Onde eu tinha a cabeça? que feno era
esse que fazia a cama, mais macio, mais cheiroso, mais tranquilo, me
deitando no dorso profundo dos estábulos e dos currais? que feno era
esse que me guardava em repouso, entorpecido pela língua larga de
uma vaca extremosa, me ruminando carícias na pele adormecida? que
feno era esse que me esvaía em calmos sonhos, sobrevoando a
queimadura das urtigas e me embalando com o vento no lençol imenso
da floração dos pastos? que sono era esse tão frugal, tão
imberbe, só sugando nos mamilos o caldo mais fino dos pomares? que
frutos tão conclusos assim moles resistentes quando mordidos e
repuxados no sono dos meus dentes? que grãos mais brancos e
seráficos, debulhando sorrisos plácidos, se a varejeira do meu
sonho verde me saía pelos lábios? que semente mais escondida, mais
paciente! que hibernação mais demorada! que sol mais esquecido, que
rês mais adolescente, que sono mais abandonado entre mourões, entre
mugidos! onde eu tinha a cabeça? não tenho outra pergunta nessas
madrugadas inteiras em claro em que abro a janela e tenho ímpetos de
acender círios em fileiras sobre as asas úmidas e silenciosas de
uma brisa azul que feito um cachecol alado corre sempre na mesma hora
a atmosfera; não era o meu sono, como um antigo pomo, todo feito de
horas maduras? que resinas se dissolviam na danação do espaço, me
fustigando sorrateiras a relva delicada das narinas? que sopro súbito
e quente me ergueu os cílios de repente? que salto, que potro
inopinado e sem sossego correu com meu corpo em galope levitado?
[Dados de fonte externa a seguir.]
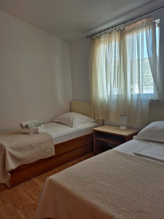 Rogoznica znajduje się w żupanii szybenicko-knińskiej, 32 km od Szybenika i 60 km od Splitu. Zamieszkana część wybrzeża jest jedną z najbardziej naturalnie bezpiecznych i chronionych zatok na Adriatyku. Rogoznica, spokojna śródziemnomorska miejscowość w sercu Dalmacji, jest idealnym miejscem na wakacje z rodziną i przyjaciółmi. Każdy z 3 apartamentów posiada: kuchnię wyposażoną do codziennego przygotowywania wszelkiego rodzaju posiłków, 2 sypialnie, toaletę oraz taras. Klimatyzacja w cenie. Znajdujemy się 40 metrów od morza. Posiadamy własny parking.
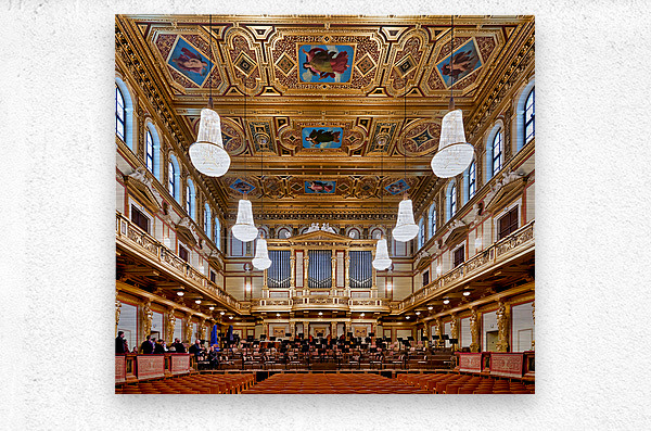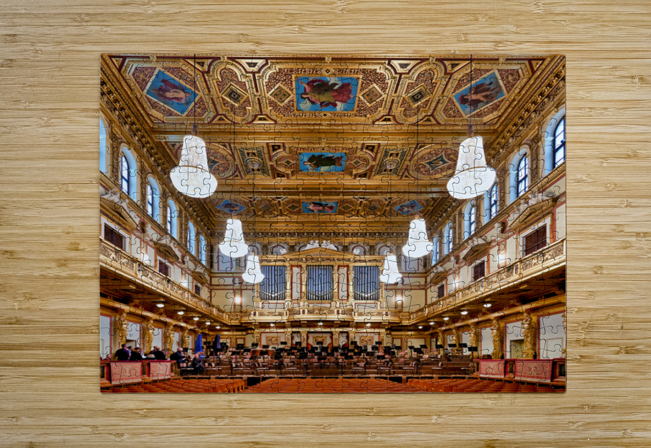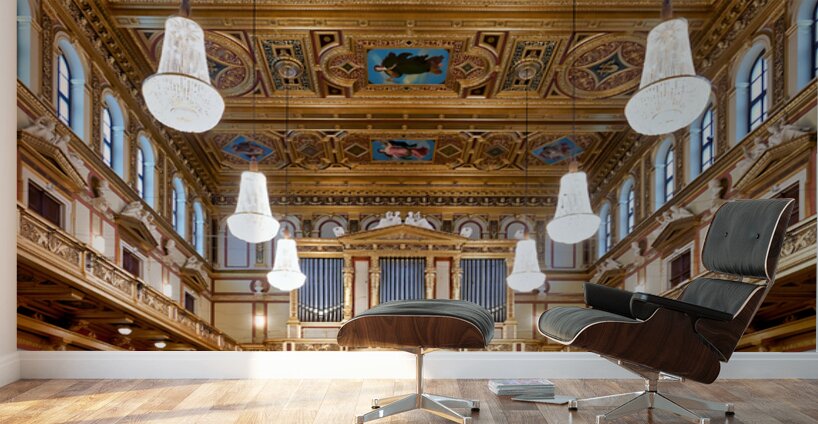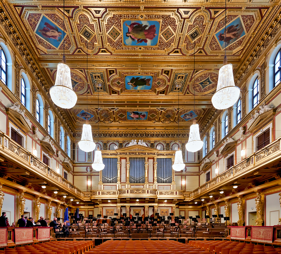 The Golden Hall of the Musikverein in Vienna Austria a world-renowned concert venue prepared for a classical music performance.
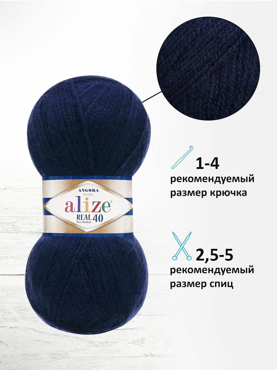 Купить Пряжа для вязания ALIZE ‘Angora real 40’, 100г, 430м (40% шерсть, 60% акрил) (58 темно-синий), 5 мотков с доставкой по всей России.
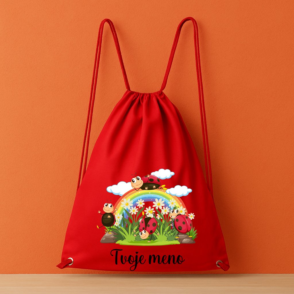 Štýlový a praktický vak pre malé lienky! Tento bavlnený batoh s výraznou potlačou lienok a dúhy a s vlastným menom, ktoré stačí uviesť do poznámky k objednávke je ideálny na každodenné nosenie – či už do školy, na telesnú výchovu, krúžky alebo výlety.

essas as perguntas que vou perguntando em ordem e sem saber a quem
pergunto, escavando a terra sob a luz precoce da minha janela, feito
um madrugador enlouquecido que na temperatura mais caída da manhã
se desfaz das cobertas do leito uterino e se põe descalço e em
jejum a arrumar blocos de pedra numa prateleira; não era de feno,
era numa cama bem curtida de composto, era de estrume meu
travesseiro, ali onde germina a planta mais improvável, certo
cogumelo, certa flor venenosa, que brota com virulência rompendo o
musgo dos textos dos mais velhos; este pó primevo, a gema nuclear,
engendrado nos canais subterrâneos e irrompendo numa terra fofa e
imaginosa: “que tormento, mas que tormento, mas que tormento!”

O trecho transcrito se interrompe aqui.